CEPは当初、環境汚染について調査していたが、現在は以下の7つの指標で評価しているそうです。
1.環境保護度
有害物質の排出量、環境法の遵守度、環境マネジメントシステムの有無。
2.女性の働きやすさ
女性の地位、数、地位向上のための教育プログラム、女性がオーナーのサプライヤーとの取引の有無
3.マイノリティの働きやすさ
マイノリティの地位、数、地位向上のための教育プログラム、マイノリティがオーナーのサプライヤーとの取引の有無
4.寄付行為
お金だけでなく備品、サービスの提供も含んでいる。
5.ファミリー重視度
仕事と家庭が両立するためのプログラム、育児支援、介護支援、フレックスタイムなどの有無。
6.労働環境への配慮度
保険制度、年金、ボーナス、教育制度の有無。労働法の遵守など。
7.情報公開
上記の6 つの情報が公開されているかなど。
(参考:http://blhrri.org/kenkyu/bukai/jinken/kigyo/kigyo_0008.htm )
 まあ、アメリカらしく、“マイノリティの働きやすさ”や“寄付行為”なんていうのも指標に入っていますが、基本的に“人と自然に優しい企業の紹介”みたいなものですかね。
 同意できる部分も少なからずありますが、これをそのままストレートに日本に持ってきて、「Shopping for a Better World in Japan」みたいなのを作られた日には、ちょっと黙っておけないでしょうね。
 だって、歴史的背景などを鑑みずに“マイノリティがオーナーのサプライヤーとの取引の有無”なんていうのが採点基準になると、半島系パチンコ屋との取引がある企業が有利になる、というおかしなことが起きてしまいます。
 “人と自然に優しい企業の紹介”なのに、人生を賭博に狂わせ、その上集めた資金を核ミサイルの開発に利用している企業とのつながりがある方が評価が高い、て、矛盾しすぎです。
 環境面でも、「うちはCO2を25%減らそうとしている民主党を応援します」と言っただけでプラス評価がされそうだし、寄付行為なんてあまりにも漠然としすぎです。
 大元の理念みたいなものは、評価できますが、個別によーく検証してから導入しないと、差別利権や環境利権に群がる人々(左翼系が多い)に食い物にされそうです。
 あと、工場が移った先の、発展途上国の労働問題については、フェアトレードっていうシステムもありますが、これもよーく見てみたら、フェアトレードをやっている組織が実は中間搾取を行っていて、労働問題の解決にはほとんど役立っていない、とかありそうです。まあ、あくまで主観の入ったひねくれた推測ですが…
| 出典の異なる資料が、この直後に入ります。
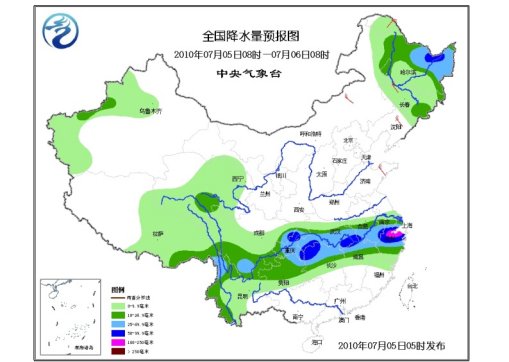 中新網7月5日電 中央氣象臺今晨6時發布短期天氣預報,未來三天,青藏高原中東部、西北地區中東部、西南地區、江漢、江淮、江南中北部等地有降水,其中,重慶大部、湖北南部、湖南北部、安徽南部、江西北部、浙江大部、福建北部等地有大到暴雨、局地大暴雨,西藏東南部、云南西北部等地有大雨;新疆北部、內蒙古東北部、東北大部多陣雨或雷雨,其中,黑龍江東部、吉林東部等地的部分地區有大雨、局地暴雨。上述部分地區并伴有短時雷雨大風或冰雹等強對流天氣。
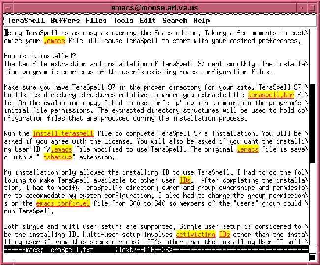 TeraSpell came as a gzipped tar file. The tar file extraction and installation of TeraSpell 97 went smoothly. The installation program was courteous of my existing Emacs configuration file.
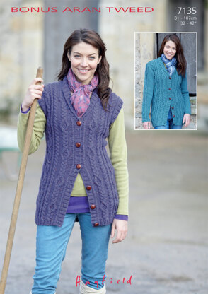 Cardigan and Waistcoat in Hayfield Bonus Aran Tweed with Wool - 7135 - Downloadable PDF is a Knitting pattern by Hayfield, available as a Downloadable PDF and includes instructions in English. Super fun to make, this pattern could be your next masterpiece!
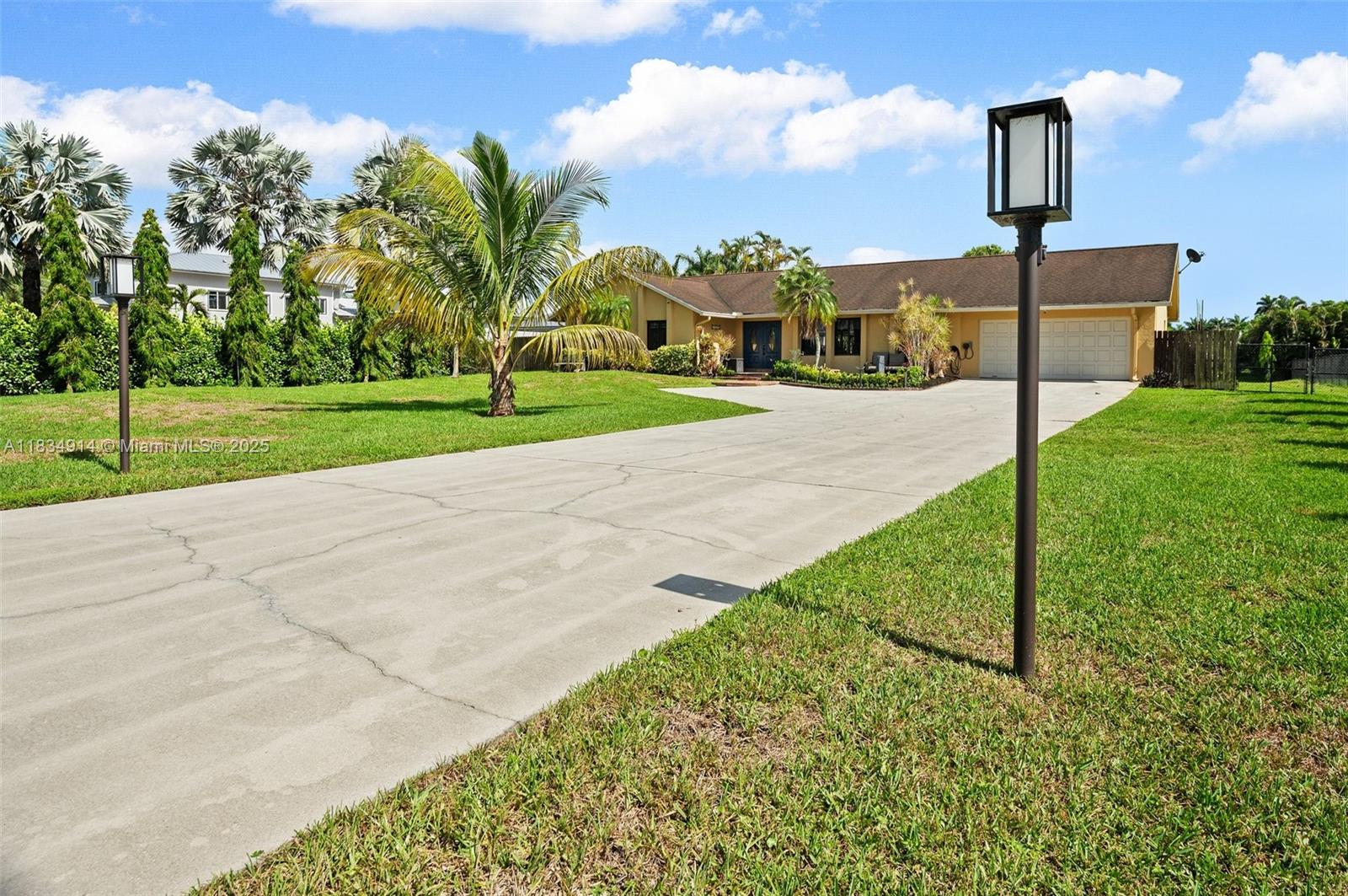 Discover this exceptional opportunity to own a beautifully maintained 3 BED / 2 BATH home situated on a true builder’s acre in one of Davie’s most desirable areas – just minutes from Southwest Ranches. Surrounded by lush, mature landscaping, this serene property offers privacy, space, and flexibility for RVs, boats, horses, or future expansions. Spanish tile flooring throughout, a stylish kitchen with granite countertops, and impact windows for peace of mind. Step outside into your personal oasis – a huge covered patio ideal for entertaining, overlooking a sparkling pool and expansive green space. Doble Washer connection .

 でも、国内のフェアトレード組織を紹介するHPからリンクを辿っていくと、反戦本の紹介もしている組織にぶち当たったり、と、何かと政治臭漂う発見があったのも事実です。
 一概に切り捨てて論評するつもりはありませんし、真面目に活動している人だって少なからずいるでしょう。
 ただ、無条件に「この人達は良いことをしている」と思ってせっせとそこの商品を買っていても、その思いが届かない可能性があるのは知っておくべきかと思います。
 こうなってくると、「発展途上国の子供達の為に」と、せっせとフェアトレードや上記紹介本で紹介された企業の商品を買うよりも、素直に国産の商品を買っておいた方が、後から「裏切られた」なんて思う事も少ないのではないでしょうか?
 それに、何といっても、派遣切りなどの雇用問題解決の突破口になるのではないでしょうか。
 結局は、先月初めの金美齢先生の小林市での講演会の内容に繋がるんですね。
 自国の、もっと言えば地域の問題さえ解決しようとしてないのに、グローバルな問題に目を向けるのって、偽善っぽいというか、順番が違うぞ、と言いたいです。